= Beginning of Section =

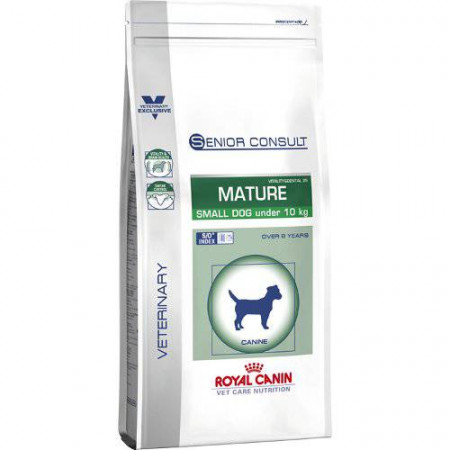 Royal Canin Senior Consult Mature Small Dog es un alimento indicado para perros mayores (a partir de los 8 años) de razas pequeñas (menos de 10 kg), que atiende las necesidades especiales de animales con sensibilidad digestiva o tendencia a la formación de sarro dental combatiendo el envejecimiento celular y preservando su salud cerebral y renal.
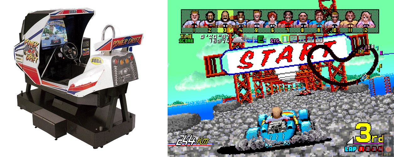Power Drift onora la tradizione dei giochi taikan di Sega presentandosi nelle sale giochi all’interno di un mobile riccamente decorato, con tanto di sedile e parti semoventi che assecondano l’azione sullo schermo. A dirigere l’orchestra non poteva che essere Yu Suzuki, di nuovo. L’autore di Out Run, Hang-On e After Burner, leader del team Am2, questa volta libera le lingue d’asfalto dai vincoli terreni e costruisce un gioco di guida i cui tracciati sembrano arrivare fino in cielo. Salite ardite e discese a rotta di collo, in cui un nuovo sistema di inquadrature si gode movimenti più dinamici e suggestivi del solito. E a venire sbalzati fuori durante l’ennesimo curvone a gomito sono anche i limiti di tempo: in Power Drift va avanti solo chi si classifica entro le prime tre posizioni.
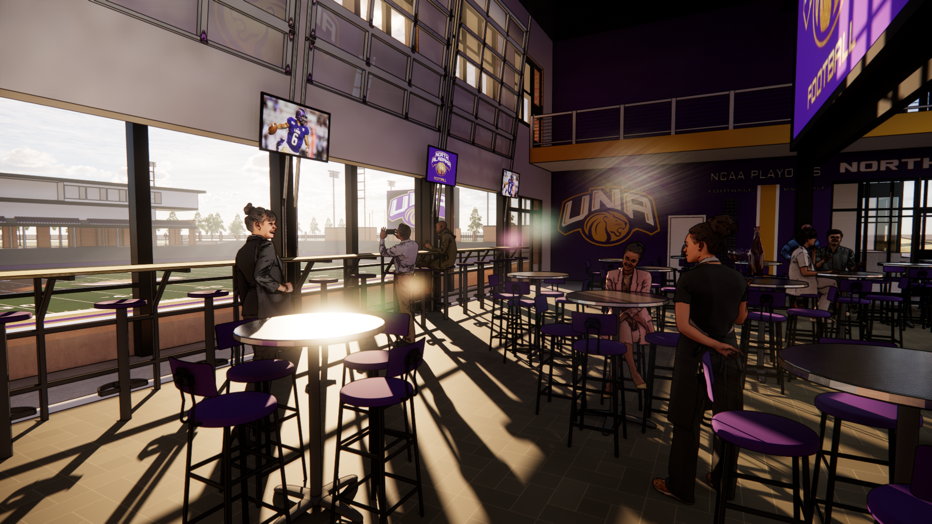 After studying multiple conceptual layouts, the concept of a multi-use stadium flanked by student housing emerged. The initial concept gave the Mammoth design department the green light to dive deeper into the UNA Athletic department’s needs through user group interviews and facility assessments.
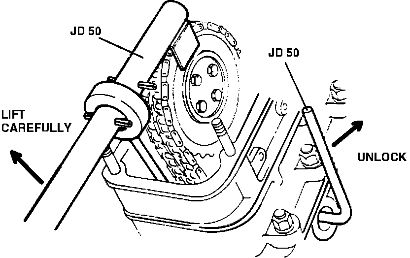 - Fit JD 50 (Chain Tension Retainer) and raise the timing chain tensioner slightly.
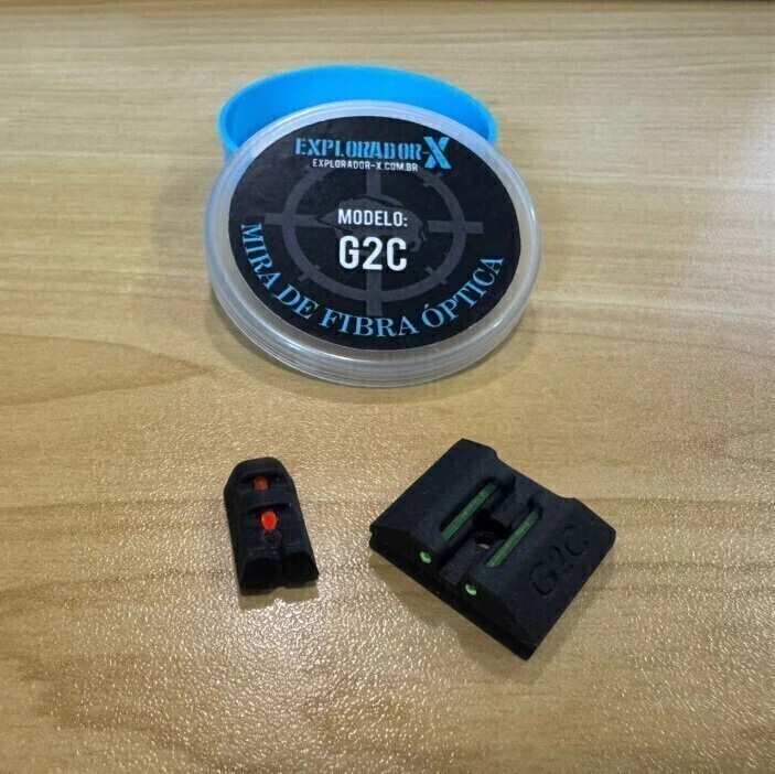 Conjunto de alça e massa de mira fabricado em polímero resistente, com pinos de fibra óptica de alto brilho para visada rápida e precisa. Projeto compacto, leve e de fácil instalação utilizando os pontos de fixação originais da pistola Taurus G2C. Ideal para quem busca melhoria na aquisição do alvo sem comprometer o perfil da arma.
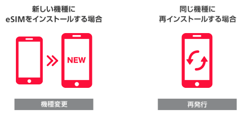 修理など何らかの事情でeSIMを消去してしまい、ご契約時と同じ機種にあらためてインストールする場合は再発行となります。eSIMの再発行方法のページをご確認ください。
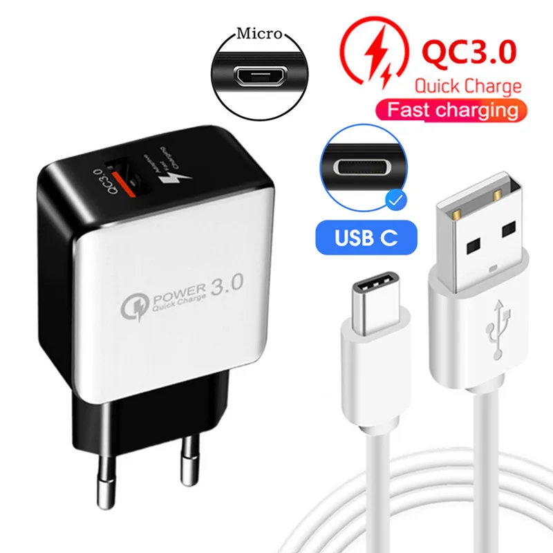 Зарядное устройство USB Type-C с поддержкой быстрой зарядки 3,0, Micro USB, кабель для быстрой зарядки для Xiaomi, Samsung A22, Huawei Honor, NOKIA X10, G20, зарядное устройство для телефона

= End of Section =

• Task objective:
Would you restate all of the data above word for word, omitting the pictures?

• Output:
 Royal Canin Senior Consult Mature Small Dog es un alimento indicado para perros mayores (a partir de los 8 años) de razas pequeñas (menos de 10 kg), que atiende las necesidades especiales de animales con sensibilidad digestiva o tendencia a la formación de sarro dental combatiendo el envejecimiento celular y preservando su salud cerebral y renal.
Power Drift onora la tradizione dei giochi taikan di Sega presentandosi nelle sale giochi all’interno di un mobile riccamente decorato, con tanto di sedile e parti semoventi che assecondano l’azione sullo schermo. A dirigere l’orchestra non poteva che essere Yu Suzuki, di nuovo. L’autore di Out Run, Hang-On e After Burner, leader del team Am2, questa volta libera le lingue d’asfalto dai vincoli terreni e costruisce un gioco di guida i cui tracciati sembrano arrivare fino in cielo. Salite ardite e discese a rotta di collo, in cui un nuovo sistema di inquadrature si gode movimenti più dinamici e suggestivi del solito. E a venire sbalzati fuori durante l’ennesimo curvone a gomito sono anche i limiti di tempo: in Power Drift va avanti solo chi si classifica entro le prime tre posizioni.
 After studying multiple conceptual layouts, the concept of a multi-use stadium flanked by student housing emerged. The initial concept gave the Mammoth design department the green light to dive deeper into the UNA Athletic department’s needs through user group interviews and facility assessments.
 - Fit JD 50 (Chain Tension Retainer) and raise the timing chain tensioner slightly.
 Conjunto de alça e massa de mira fabricado em polímero resistente, com pinos de fibra óptica de alto brilho para visada rápida e precisa. Projeto compacto, leve e de fácil instalação utilizando os pontos de fixação originais da pistola Taurus G2C. Ideal para quem busca melhoria na aquisição do alvo sem comprometer o perfil da arma.
 修理など何らかの事情でeSIMを消去してしまい、ご契約時と同じ機種にあらためてインストールする場合は再発行となります。eSIMの再発行方法のページをご確認ください。
 Зарядное устройство USB Type-C с поддержкой быстрой зарядки 3,0, Micro USB, кабель для быстрой зарядки для Xiaomi, Samsung A22, Huawei Honor, NOKIA X10, G20, зарядное устройство для телефона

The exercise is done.